Guten Tag lieber Helfer,

ich muss ein Programm schreiben, dass bei der Eingabe (Kommandozeilenparameter) mir alle Permutationen ausgibt. Zum Beispiel:

Eingabe: abcd

Ausgabe:

abcd
dc
cbd
db
dbc
cb
bacd
dc
cad
da
dac
ca
cabd
db
bad
da
dab
ba
dabc
cb
bac
ca
cab
ba

Ich möchte dieses Programm gerne hier zusammen erstellen. Noch hab ich nichts dazu geschrieben. Ich brauche Hilfe beim Ansatz. Reicht hier ein Array? und ist es besser wenn ich mit char programmiere oder mit String, also mit StringBuffer ? 
Kann mir hier jemand in Worten erklären wie ich anfangen kann/soll ? 

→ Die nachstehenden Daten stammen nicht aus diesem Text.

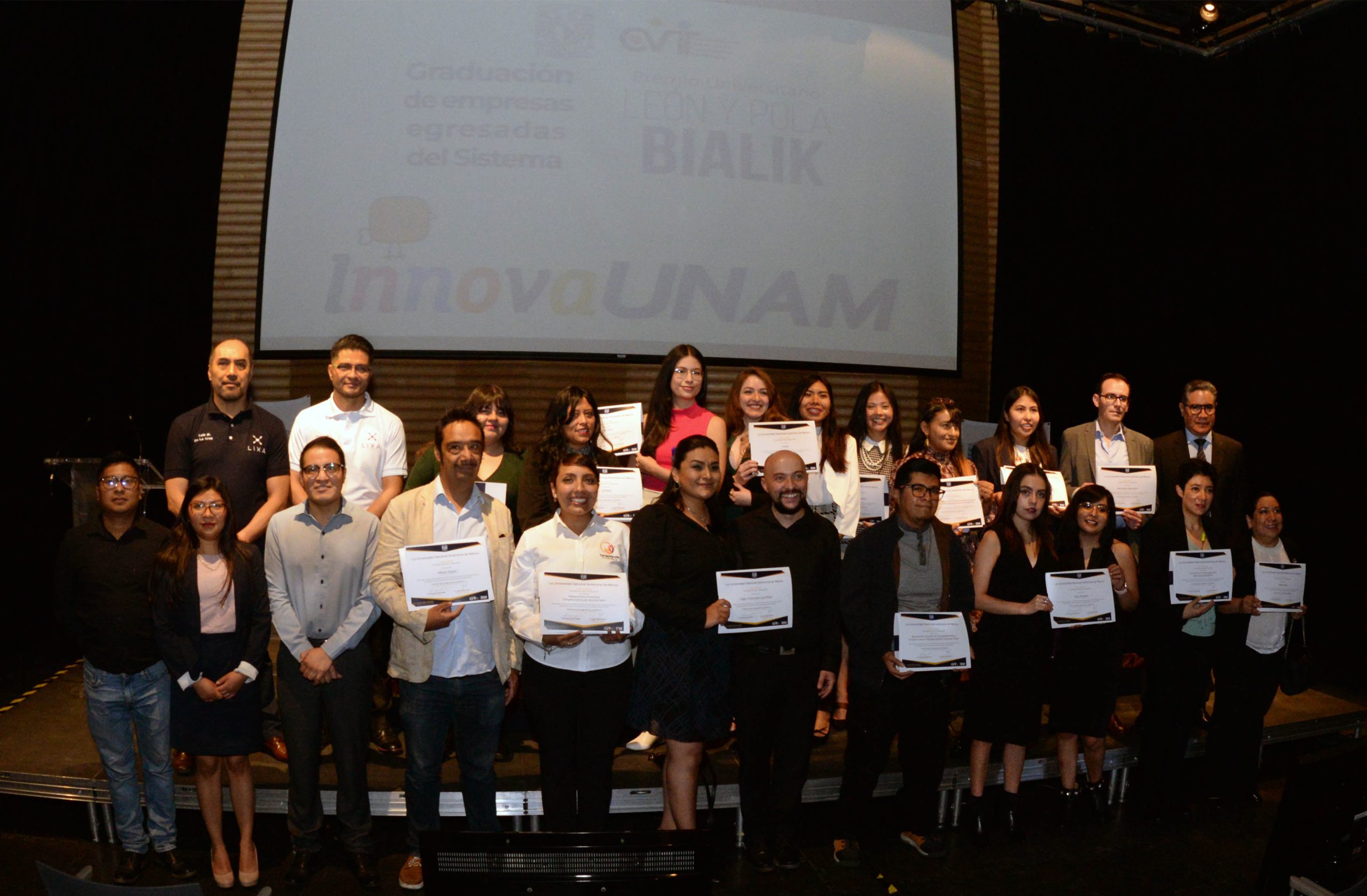 “Es importante que los universitarios consideren la opción de desarrollarse profesionalmente como emprendedores, una actividad que la Universidad ha venido impulsando desde hace varios años, especialmente a través de la Coordinación de Vinculación y Transferencia Tecnológica (CVTT)”, comentó al presidir la ceremonia de graduación de 21 empresas del Sistema InnovaUNAM, donde también se entregó el Premio Universitario León y Pola Bialik-InnovaUNAM.

Danke schon mal an alle die mir helfen werden.


----------



## Gast2 (19. Dez 2011)

Als Ansatz sollte dir das hier dienen können:
http://www.java-forum.org/codeschnipsel-u-projekte/81973-combinatorics.html


----------



## timbeau (19. Dez 2011)

{c,d} ist aber keine Permutation von {a,b,c,d}


----------



## chillerStudent (19. Dez 2011)

timbeau hat gesagt.:


> {c,d} ist aber keine Permutation von {a,b,c,d}



sry sry.  Also da wo leezeichen davor sind kommt immer ein Buchstabe.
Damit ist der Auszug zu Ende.